▶ WORK REQUIRED:
In the records below, find the line that contains "Lars Ulrich, drums (all time)" and the line that contains "Figure 1. Overview", then retype exactly those two lines and every line between them.

[Items from a dataset]
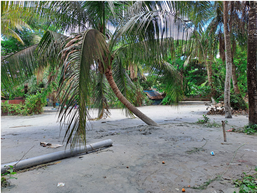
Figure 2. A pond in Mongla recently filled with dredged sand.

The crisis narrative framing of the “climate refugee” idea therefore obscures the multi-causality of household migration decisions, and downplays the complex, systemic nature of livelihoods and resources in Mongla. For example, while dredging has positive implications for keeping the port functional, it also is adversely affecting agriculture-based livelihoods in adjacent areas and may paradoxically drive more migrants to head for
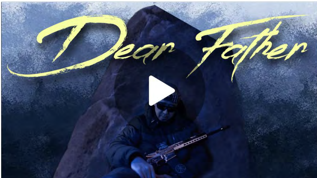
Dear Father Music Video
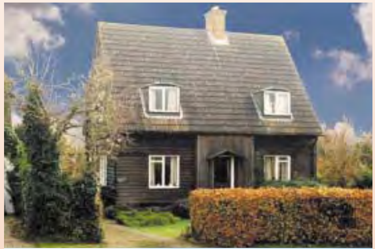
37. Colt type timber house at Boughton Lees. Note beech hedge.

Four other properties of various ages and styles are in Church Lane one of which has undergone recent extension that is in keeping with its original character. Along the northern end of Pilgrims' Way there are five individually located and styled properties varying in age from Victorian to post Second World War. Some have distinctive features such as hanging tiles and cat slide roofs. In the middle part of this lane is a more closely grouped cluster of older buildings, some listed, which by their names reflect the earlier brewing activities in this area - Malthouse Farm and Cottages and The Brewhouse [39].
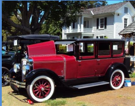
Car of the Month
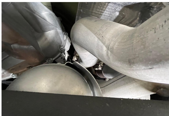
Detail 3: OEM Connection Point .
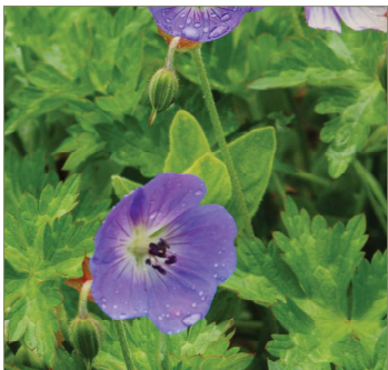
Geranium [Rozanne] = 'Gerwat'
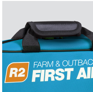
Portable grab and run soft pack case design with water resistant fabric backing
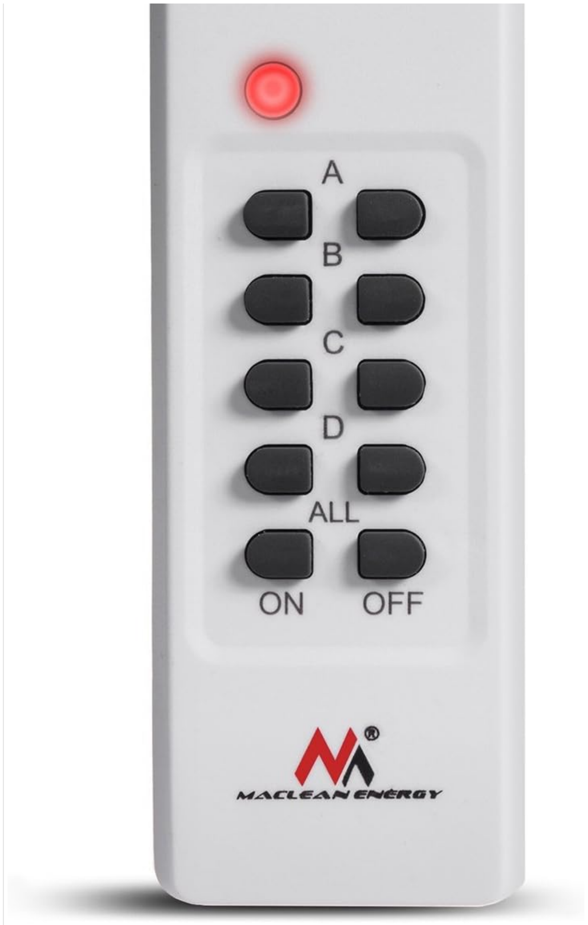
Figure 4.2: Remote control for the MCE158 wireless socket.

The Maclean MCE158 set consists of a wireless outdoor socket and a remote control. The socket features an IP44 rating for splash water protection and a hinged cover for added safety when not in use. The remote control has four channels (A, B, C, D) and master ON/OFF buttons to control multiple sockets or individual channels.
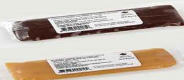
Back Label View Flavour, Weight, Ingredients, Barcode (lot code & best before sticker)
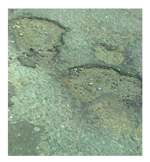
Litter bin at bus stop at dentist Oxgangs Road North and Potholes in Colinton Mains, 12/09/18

---

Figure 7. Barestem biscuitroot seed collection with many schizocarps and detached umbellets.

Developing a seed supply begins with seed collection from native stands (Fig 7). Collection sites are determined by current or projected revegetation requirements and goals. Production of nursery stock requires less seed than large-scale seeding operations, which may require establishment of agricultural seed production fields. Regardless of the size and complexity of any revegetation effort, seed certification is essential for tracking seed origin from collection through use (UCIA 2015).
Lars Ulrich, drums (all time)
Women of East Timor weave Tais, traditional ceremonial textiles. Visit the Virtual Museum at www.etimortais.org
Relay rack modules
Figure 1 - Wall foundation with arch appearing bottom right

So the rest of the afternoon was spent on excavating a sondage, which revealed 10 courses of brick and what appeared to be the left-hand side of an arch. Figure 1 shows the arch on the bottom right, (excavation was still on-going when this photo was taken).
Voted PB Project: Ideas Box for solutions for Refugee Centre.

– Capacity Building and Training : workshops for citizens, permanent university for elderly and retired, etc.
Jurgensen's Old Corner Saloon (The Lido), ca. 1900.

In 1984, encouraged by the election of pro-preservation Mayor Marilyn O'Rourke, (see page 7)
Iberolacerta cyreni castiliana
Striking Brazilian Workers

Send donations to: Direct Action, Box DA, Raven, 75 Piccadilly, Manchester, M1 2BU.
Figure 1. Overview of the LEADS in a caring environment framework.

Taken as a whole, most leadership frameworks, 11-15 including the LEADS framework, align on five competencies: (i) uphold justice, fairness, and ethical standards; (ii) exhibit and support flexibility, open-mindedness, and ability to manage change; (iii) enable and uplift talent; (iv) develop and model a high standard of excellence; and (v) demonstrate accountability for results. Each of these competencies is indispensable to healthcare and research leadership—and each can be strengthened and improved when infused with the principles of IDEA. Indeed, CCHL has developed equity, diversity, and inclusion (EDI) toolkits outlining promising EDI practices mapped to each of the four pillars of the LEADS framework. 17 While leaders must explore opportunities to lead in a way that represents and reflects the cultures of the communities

▶ RESULT BELOW:
Lars Ulrich, drums (all time)
Women of East Timor weave Tais, traditional ceremonial textiles. Visit the Virtual Museum at www.etimortais.org
Relay rack modules
Figure 1 - Wall foundation with arch appearing bottom right

So the rest of the afternoon was spent on excavating a sondage, which revealed 10 courses of brick and what appeared to be the left-hand side of an arch. Figure 1 shows the arch on the bottom right, (excavation was still on-going when this photo was taken).
Voted PB Project: Ideas Box for solutions for Refugee Centre.

– Capacity Building and Training : workshops for citizens, permanent university for elderly and retired, etc.
Jurgensen's Old Corner Saloon (The Lido), ca. 1900.

In 1984, encouraged by the election of pro-preservation Mayor Marilyn O'Rourke, (see page 7)
Iberolacerta cyreni castiliana
Striking Brazilian Workers

Send donations to: Direct Action, Box DA, Raven, 75 Piccadilly, Manchester, M1 2BU.
Figure 1. Overview of the LEADS in a caring environment framework.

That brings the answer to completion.